Video models with Chinese characteristics

Chinese labs experience a very different competitive calculus. ByteDance and Kuaishou own distribution platforms that make video diffusion businesses viable. Douyin and Kuaishou combined serve hundreds of millions of short-form videos that function as training data, hundreds of millions of creators using generated content commercially, and advertising ecosystems that monetize views. For example when a creator generates an ecommerce ad with a product link attached, Douyin/Kuaishou share revenue based on views and clicks. The video model supports the content ecosystem which supports the ad business which funds the compute costs.

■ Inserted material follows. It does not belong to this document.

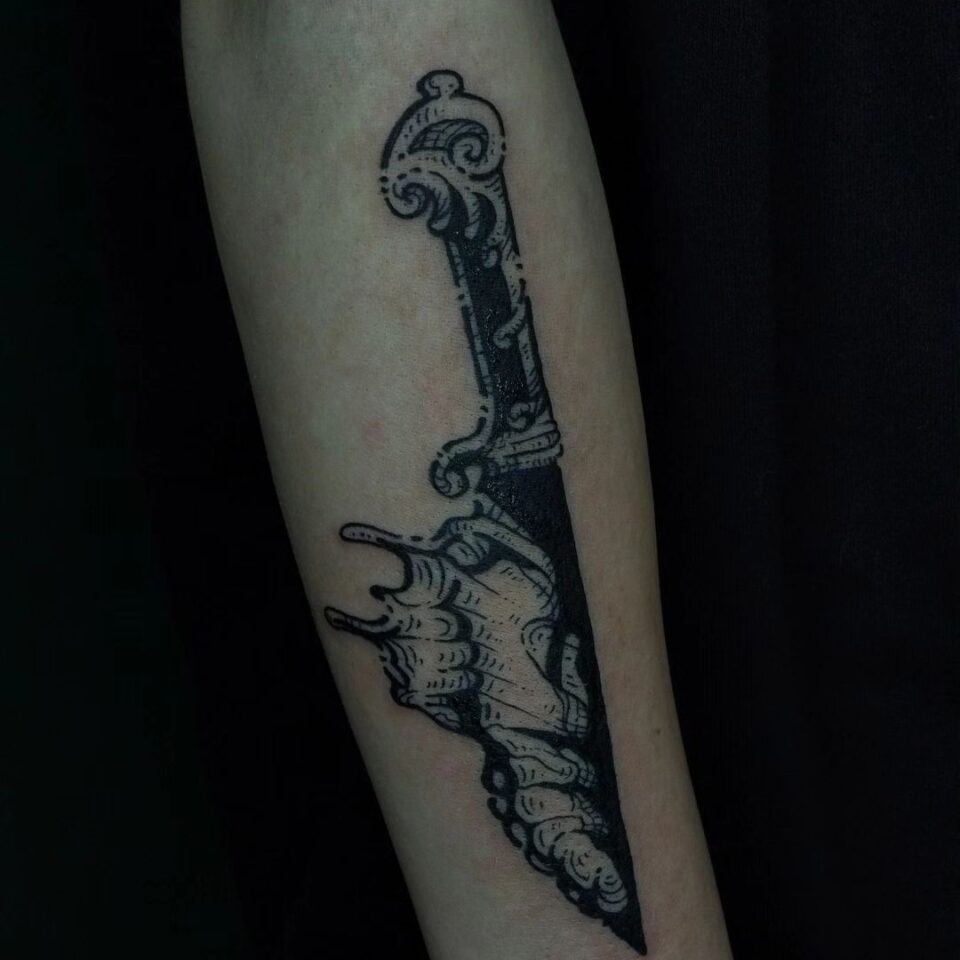 Tetování znaky a symboly, nůž na předloktí

The cost structures are also quite dramatically different. According to reports, Chinese video models reportedly operate at 1/6 to 1/10 the inference cost of Sora for identical outputs. Furthermore, government computing centers provide direct subsidies for research with one such center located in Changchun providing 200 out of 300 petaflops of compute for a single video ai project. The results speak for themselves: Kling achieved $240m in annualized revenue by late 2025. Several Chinese video ai startups are achieving break-even points on subscription revenues alone – something no western video ai company has accomplished.
Perhaps most importantly, the opportunity cost argument does not apply in the same manner. OpenAI had to decide between GPU hours for video vs GPU hours for enterprise code generation.
Where do we go from here?
The status quo is fluid. Advances in compute efficiency, breakthroughs in technology, etc., may ultimately make diffusion economically viable and perhaps agile new entrants successful. Runway recently received a gigantic funding round and continues to release new models but remains behind the pack.
My prediction:
- next-generation models developed by google and xAI may accelerate progress toward pushing the boundaries of what is possible and with their significant war chests and access to their own distribution platforms and compute may potentially create viable vertically integrated platforms similar to their Chinese counterparts. Potential headwinds include rising energy costs, limited compute availability or xAI’s current restructuring activities.
- Chinese models are likely to continue to gain distance relative to their western counterparts with restricted access to western markets contingent upon resolving questions regarding intellectual property and copyright.
- as the open-source community develops and gets folded into existing pipelines, as they advance the economics change completely should they be able to run on local machines.